Automating Juniper vMX BGP Configuration with PyEZ

  • September 19, 2016

Objective: Configure BGP between Three Sites

This tutorial describes how to configure BGP on three Juniper vMX routers using the Juniper PyEZ Python library. The Juniper PyEZ library is a micro-framework for Python that enables you to remotely manage and automate devices running Junos OS. The intention of this tutorial is to show how a deployment process can be simplified using some lightweight scripting.

Using Juniper documents as a guideline, we'll be configuring BGP between three sites Example: Configuring External BGP Point-to-Point Peer Sessions.

Topology

This tutorial was written using the Juniper vMX 5-node topology.

Design

Please use this diagram for reference as we walk through configuring BGP using PyEZ on the three Juniper vMX routers.

juniper_3_node

Verify Device Connectivity using PyEZ

The process of configuring everything needed to get the BGP network will be broken into incremental sections.
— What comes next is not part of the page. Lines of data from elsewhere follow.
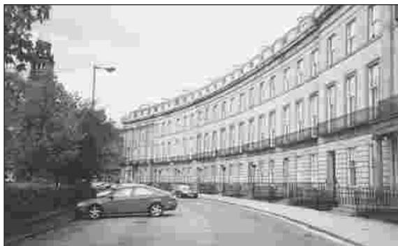
Fig. 1. Atholl Crescent, home to the Edinburgh School of Cookery, 1891–1970.

It has been written chiefly for the use of cookery classes in elementary schools. The theory of food is therefore explained in simple language, the recipes are given in small quantities, and the directions are very minute. It is hoped, however, that the book may prove useful also to others who desire to study the theory and practice of good economical cookery.
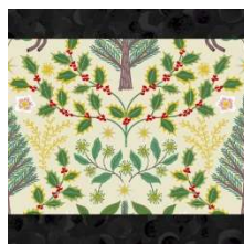
Block 3 - 14
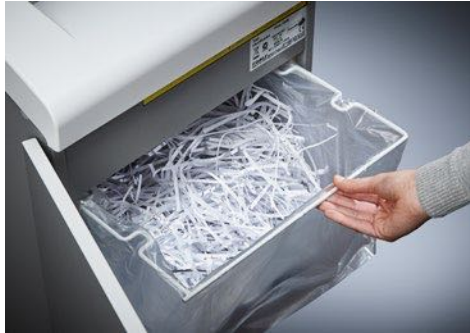
Dahle Waste 104air document shredder
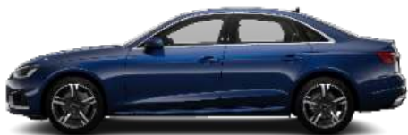
Navarra Blue 2D2D Metallic €1,287
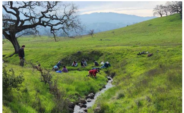
Milkweed planting in January on Mt. Burdell
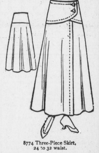
8774 Three-Piece Skirt, 24 to 32 waist.

The yoke skirt is to be much worn this autumn. This one is both exceedingly smart and exceedingly graceful. Women who are thinking about their autumn sewing will find the model a most satisfactory one for many uses. It can be cut either from wool material or from silk, it takes very becoming lines and the pattern with its new features means that making is a greatly simplified matter. You can cut along the outside of the pattern without allowing seams and you can mark the perfect basting line. There are only the side seams of the skirt to be sewed up. The front edges are turned under and hemmed. The yoke is quite separate and is finished at front and at lower edges and arranged over the skirt, then webbing is arranged under the upper edge of the skirt to hold it comfortably and firmly in place. As the skirt is in full length, it can be used without the yoke if the long lines are found more becoming or, if the yoke is used and less bulk is wanted, the material beneath can be cut away. In the picture, broadcloth is finished with simple, stitched edges. For the medium size will be needed 5 yds. of material 27 in. wide, 4 3/4 yds. 36 or 44; the width at the lower edge is 3 yds. and 7 in. The pattern No. 8774 is cut in sizes from 24 to 32 inches waist measure. It will be mailed to any address by the Fashion Department of this paper, on receipt of ten cents.
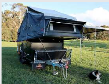
Spacious Cabin Tent with Extra High Roof for Airflow
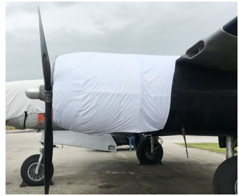
Douglas A-26 Engine Cover, test fit cover

The first step is to import the required Python modules and establish basic connectivity. Once you instantiate a device object, you can check to see if it's connected by using the connected property. Subsequently, you can view device facts by using the facts property.

ntc@ntc:~$ python
Python 2.7.10 (default, Oct 14 2015, 16:09:02)
[GCC 5.2.1 20151010] on linux2
Type "help", "copyright", "credits" or "license" for more information.
>>> from jnpr.junos.device import Device as JUNIPER
>>> from jnpr.junos.utils.config import Config
>>>
>>>
>>> vmx1 = JUNIPER(host='vmx1', user='ntc', password='ntc123')
>>>
>>> vmx1.open()
Device(vmx1)
>>> vmx1.connected
True
>>> vmx1.facts
{'domain': 'ntc.com', 'hostname': 'vmx1', 'ifd_style': 'CLASSIC', 'version_info': junos.version_info(major=(15, 1), type=F, minor=4, build=15), 'version_RE0': '15.1F4.15', '2RE': False, 'serialnumber': 'VMX29', 'fqdn': 'vmx1.ntc.com', 'virtual': True, 'switch_style': 'BRIDGE_DOMAIN', 'version': '15.1F4.15', 'master': 'RE0', 'HOME': '/var/home/ntc', 'model': 'VMX', 'RE0': {'status': 'OK', 'last_reboot_reason': '0x200:normal shutdown ', 'model': 'RE-VMX', 'up_time': '6 hours, 18 minutes, 25 seconds', 'mastership_state': 'master'}, 'vc_capable': False, 'personality': 'MX'}
>>>

For more information on what methods and attributes are available, you can use help and dir on the vmx1 object.

>>> dir(vmx1)
[ 'auto_probe', 'bind', 'cli', 'close', 'connected', 'display_xml_rpc', 'execute', 'facts', 'facts_refresh', 'hostname', 'logfile', 'manages', 'open', 'password', 'probe', 'rpc', 'timeout', 'transform', 'user']
>>>
>>>
>>> help(vmx1)
Help on Device in module jnpr.junos.device object:

class Device(__builtin__.object)
 |  Junos Device class.
 |
 |  :attr:`ON_JUNOS`:
 |      **READ-ONLY** -
 |      Auto-set to ``True`` when this code is running on a Junos device,
 |      vs. running on a local-server remotely connecting to a device.
 |
 |  :attr:`auto_probe`:
 |      When non-zero the call to :meth:`open` will probe for NETCONF
 |      reachability before proceeding with the NETCONF session establishment.
 |      If you want to enable this behavior by default, you could do the
 |      following in your code::
 |
 |          from jnpr.junos import Device
 |
 |          # set all device open to auto-probe with timeout of 10 sec
 |          Device.auto_probe = 10
 |
 |          dev = Device( ... )
 |          dev.open()   # this will probe before attempting NETCONF connect
 |

Create Interfaces Configuration Template

We'll have a few main configurations to get BGP peers established - the first one we'll look at is the interface configurations for one of the vMX routers.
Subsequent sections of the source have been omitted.